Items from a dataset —
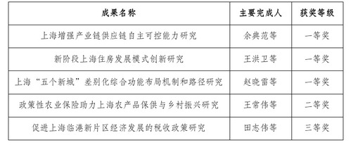 附:第十四届上海市决策咨询研究成果奖获奖名单
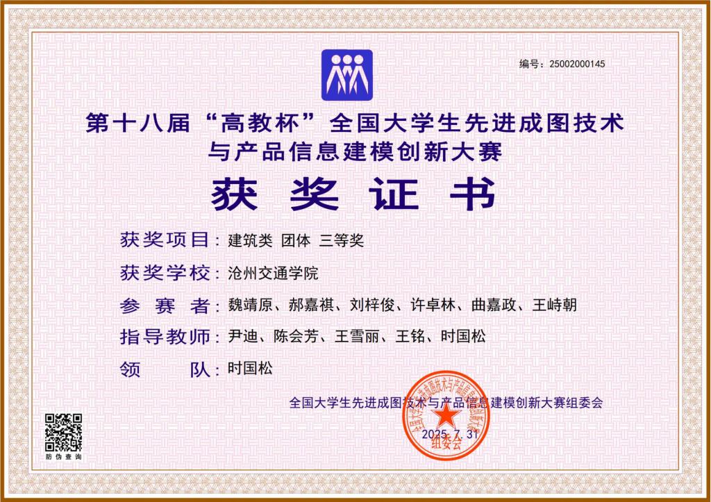 建筑类先进成图技术赛道 团体三等奖
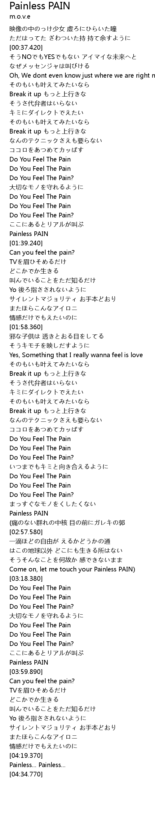| [02:39.490] | Do You Feel The Pain? |
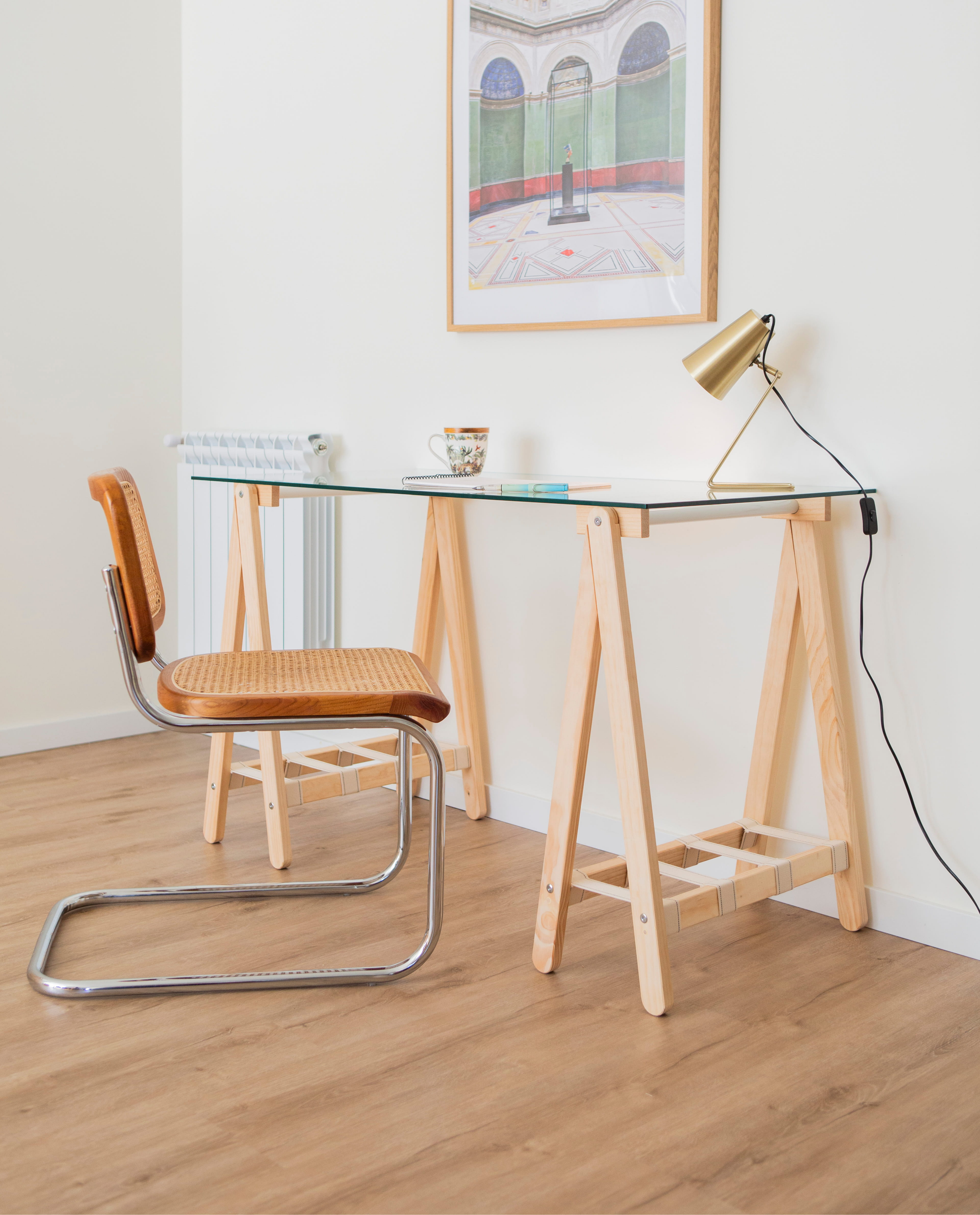 Fabriqué à partir d’une combinaison judicieuse de bois natural qui respire la nature, de metal robuste pour l’équilibre, et de coton tressé qui évoque le fait main, sa présence transforme tout encironnement en un lieu où la créativité peut s’enraciner.
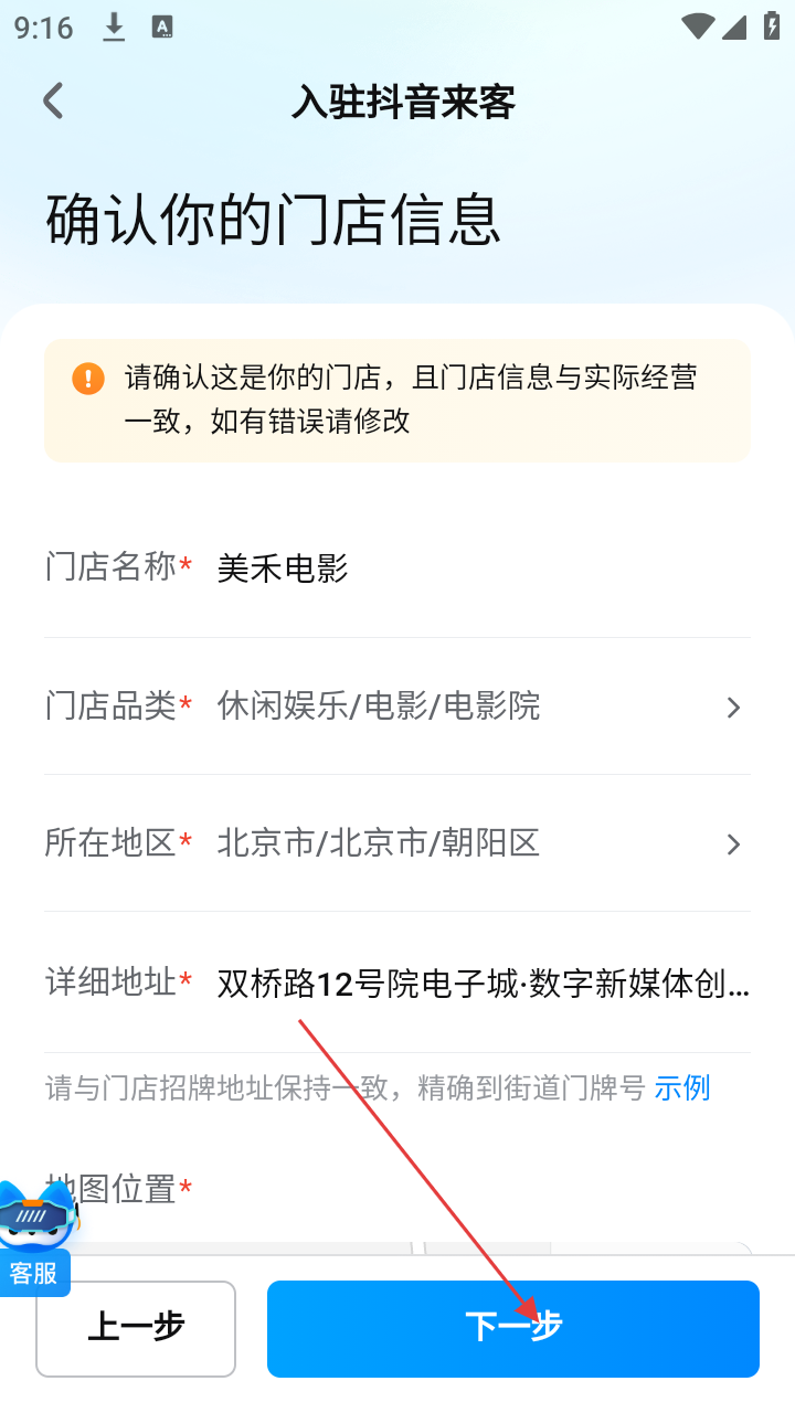 4、在门店信息确认页面,核对门店名称、品类、地区、地址等信息无误后,点击【下一步】按钮。
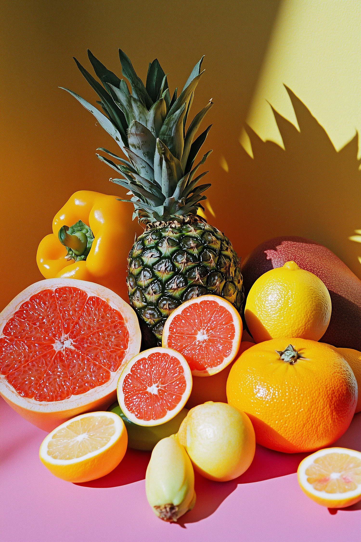 Vibrant fruit arrangement with pineapple, citrus, and bell pepper on a bright yellow background, showcasing vivid colors and textures.
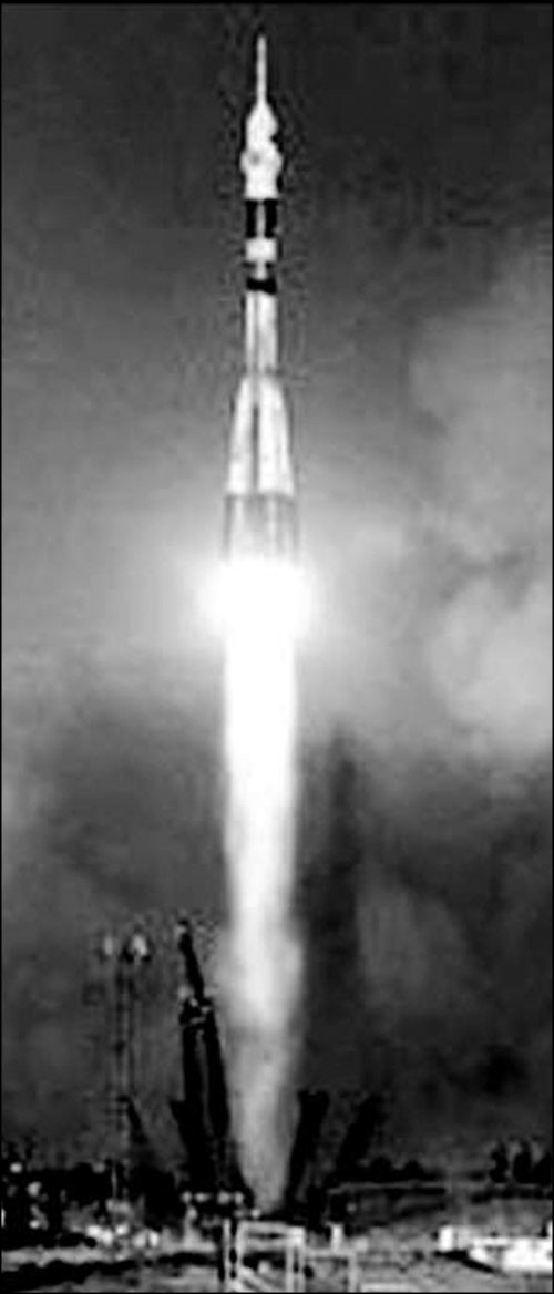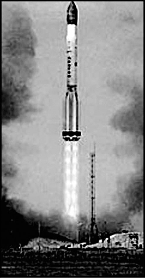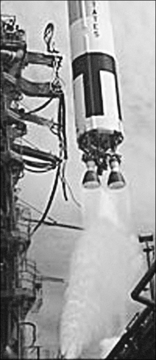 Четвертое фото (рис. 110) – старт ракеты «Титан-2» с кораблем «Джемини-11». «Титан» использует топливо, похожее на топливо «Протона». Окислитель – тот же самый (АТ), а горючее – так называемый «аэрозин-50»: смесь НДМГ с обезвоженным гидразином в пропорции 1:1. Конечно, двигатели «Титана» далеко не столь мощные, как «протоновские», но все-таки «Титан» – носитель, выводящий на орбиту двухместный космический корабль: тяга его двигателей – 210 тонн. А их пламя еле заметно на фоне облаков.

Exercise instructions — Retype the lines above exactly, no pictures.

Answer space —
 附:第十四届上海市决策咨询研究成果奖获奖名单
 建筑类先进成图技术赛道 团体三等奖
| [02:39.490] | Do You Feel The Pain? |
 Fabriqué à partir d’une combinaison judicieuse de bois natural qui respire la nature, de metal robuste pour l’équilibre, et de coton tressé qui évoque le fait main, sa présence transforme tout encironnement en un lieu où la créativité peut s’enraciner.
 4、在门店信息确认页面,核对门店名称、品类、地区、地址等信息无误后,点击【下一步】按钮。
 Vibrant fruit arrangement with pineapple, citrus, and bell pepper on a bright yellow background, showcasing vivid colors and textures.
 Четвертое фото (рис. 110) – старт ракеты «Титан-2» с кораблем «Джемини-11». «Титан» использует топливо, похожее на топливо «Протона». Окислитель – тот же самый (АТ), а горючее – так называемый «аэрозин-50»: смесь НДМГ с обезвоженным гидразином в пропорции 1:1. Конечно, двигатели «Титана» далеко не столь мощные, как «протоновские», но все-таки «Титан» – носитель, выводящий на орбиту двухместный космический корабль: тяга его двигателей – 210 тонн. А их пламя еле заметно на фоне облаков.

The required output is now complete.